Over the last 20 years, more than $150 million in 2024 charitable dollars has been spent at CPI. The return on that considerable investment has been far from zero: the good done by the journalism remains, no matter the fate of the newsroom as an institution. Journalists have been developed and trained, and also gone on to do important work elsewhere.
But $150 million is a lot of money, and the opportunity costs of having deployed it this way were also considerable. We do an often excellent job in our business of scrutinizing the activities of others. The fate of the Center for Public Integrity should remind us that we need to be equally rigorous in holding ourselves to account.
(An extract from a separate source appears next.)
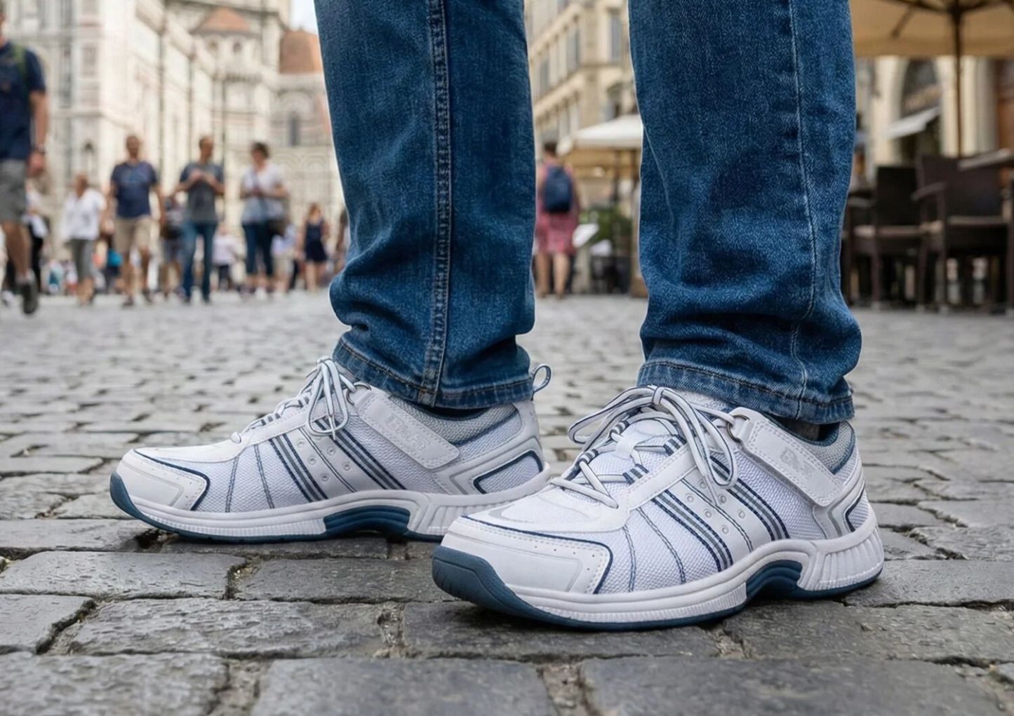 All roads lead to comfort in this breathable and non-binding microfiber and fabric sneaker. Our tie-less lacing system is just as cool & tie these once, then use the tabs on either side to open and close them. Brilliant! Enjoy every street, lane and path with the adjustable support of the Ortho-Cushion™ System. The mild rocker sole and padded interior make getting there pain-free.

Dick, after a decade of being a journalism program officer (first at Ford and now at the Jonathan Logan Family Foundation - two ends of the size and process spectrums) I recognize all the symptoms you rightly describe, not only at CPI (I have been pitched for support by four of those CEOs and had a front-row seat at the CPI/ICIJ divorce) but at way too many other nonprofit orgs. Without exception, while not the only problem, a weak board is ALWAYS one of the big problems. Funders need to look closely under the organization’s hood and, when feasible, offer to fund capacity, board development, strategic plans… whatever can help make an otherwise promising organization more stable and successful. At the risk of public obsequiousness, I recommend your book, Elements of Nonprofit News, all the time, both to funders and to newsrooms. Your road map works. A shame that CPI and others may not have taken it to heart.
As a relatively new startup in the throes of discussions about building a strong board, this was so enlightening and educational. Thank you!